Islamic extremist groups have increasingly incited Fulani Muslims to attack Christian areas, and witnesses for some of the attacks reportedly said the assailants’ faces were covered and that they carried sophisticated weapons.
Christians fear that Fulani herdsmen, with backing from Islamic extremist groups, want to take over the predominantly Christian areas in order to acquire land for grazing, stockpile arms and expand Islamic territory.
There were several reports of violence between Muslims and Christians in other areas of Kaduna and Plateau states in the two weeks before Easter, but the chairman of the COCIN Regional Church Council said there were no Christian reprisals related to the Attakar massacres.
“It is not true that Christians carried out any reprisal attacks on the Fulanis,” the Rev. Saleh Mabweh Mangai told Morning Star News. “If you go to the affected villages, you’ll see Fulani herdsmen moving about with their cattle.

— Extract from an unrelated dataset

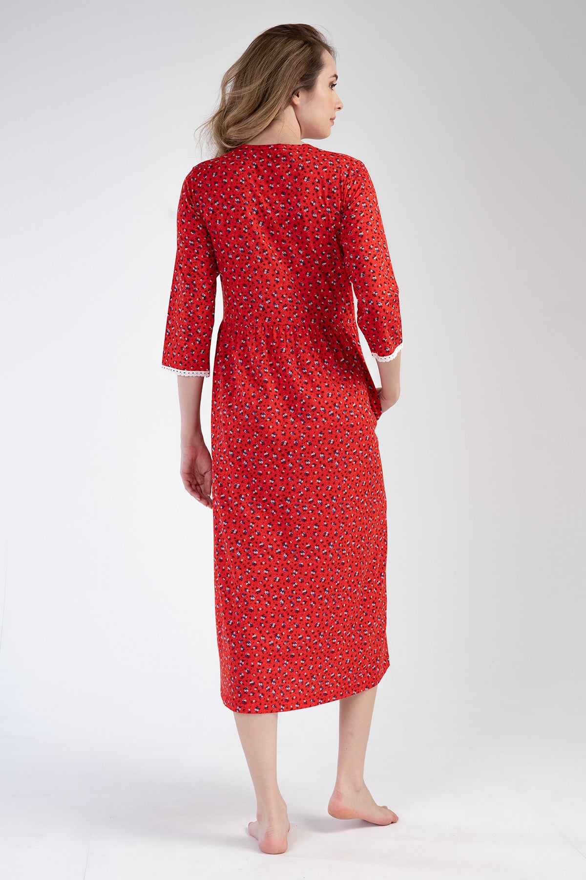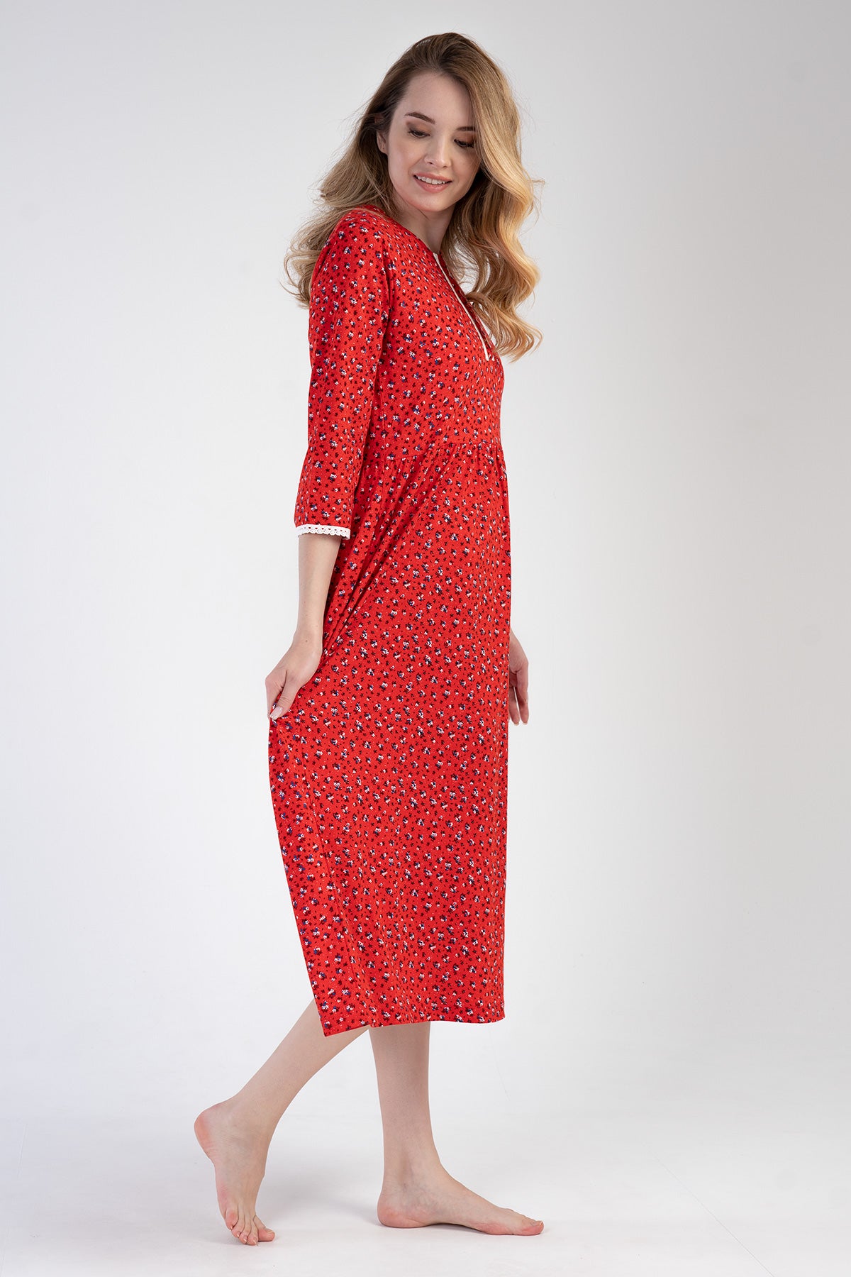 Woman Modal Red Poor Sleeve Buttoned Pocket Detail Dress

The claims of reprisal attack are false, and it is the usual way Muslims in Nigeria use false information to deceive the world about happenings in this country.”
He appealed to the Nigerian government to step up efforts to curtail violence against Christians in northern Nigeria. Christians make up 51.3 percent of Nigeria’s population of 158.2 million and live mainly in the south, while Muslims account for 45 percent and reside primarily in the north, according to Operation World. Besides hit-and-run attacks by Fulani Muslims, Christians in Nigeria have also been targeted by the Islamic extremist Boko Haram group in its effort to destabilize the government and impose sharia (Islamic law) nationwide.
Kobobin John, church secretary of a COCIN congregation in Attakar, identified some of Christians killed in the 12 villages as Markus Awai, 70; Linus, 25; Andi Shakarau, 80; Markus Abba, 42; Godiya Abok, 90; Mafan Boyi, 25; and Henry Avong, 25. According to Dakwat, also killed were Mary Lutu, 50; Ayang Musa, 55; Ezekiel Nkut, 12; Babbie Nkut, 15; and Kushit Nkut, 7.
Among those injured, Dakwat identified Zakka Ishaku, 34, and Baba Anthony, 48. John, who spoke to Morning Star News in one of the camps of displaced Christians at Zangang village in Kaduna State, further identified some injured Christians: Zakka Abong, 38; Jonathan Ishaya, 32; Christiana Istifanus, 2; Mary Stephen, 25; and Anthony Bajo, 52.
Dakwat told Morning Star News that 13 Christians in Kaduna state villages and 13 in Plateau state villages were killed in the attacks. In the past decade, the border area has become a target of attacks from both Muslim terrorists and armed Muslim herdsmen, he said.
The 12 affected villages in both states were Kirim, Uchan, Zilang, Bubwat, Mafang, Zadiyen, Telak, Mayit, Bassat, Tingamagwai, Dugrak, and Chicham. Two COCIN church buildings in Kirim and Uchan were burned; four Anglican church buildings were ruined by fire in Zadiyen, Telak, Dugrat and Mayit; and in Tingamagwai, one building of the Evangelical Church Winning All and one Catholic church building were set ablaze.
“We request prayers for, and extend our condolences to, the families of all those who lost their lives during the tragic events of last week,” said the Rev. Yunusa Nmadu, head of Christian Solidarity Worldwide-Nigeria.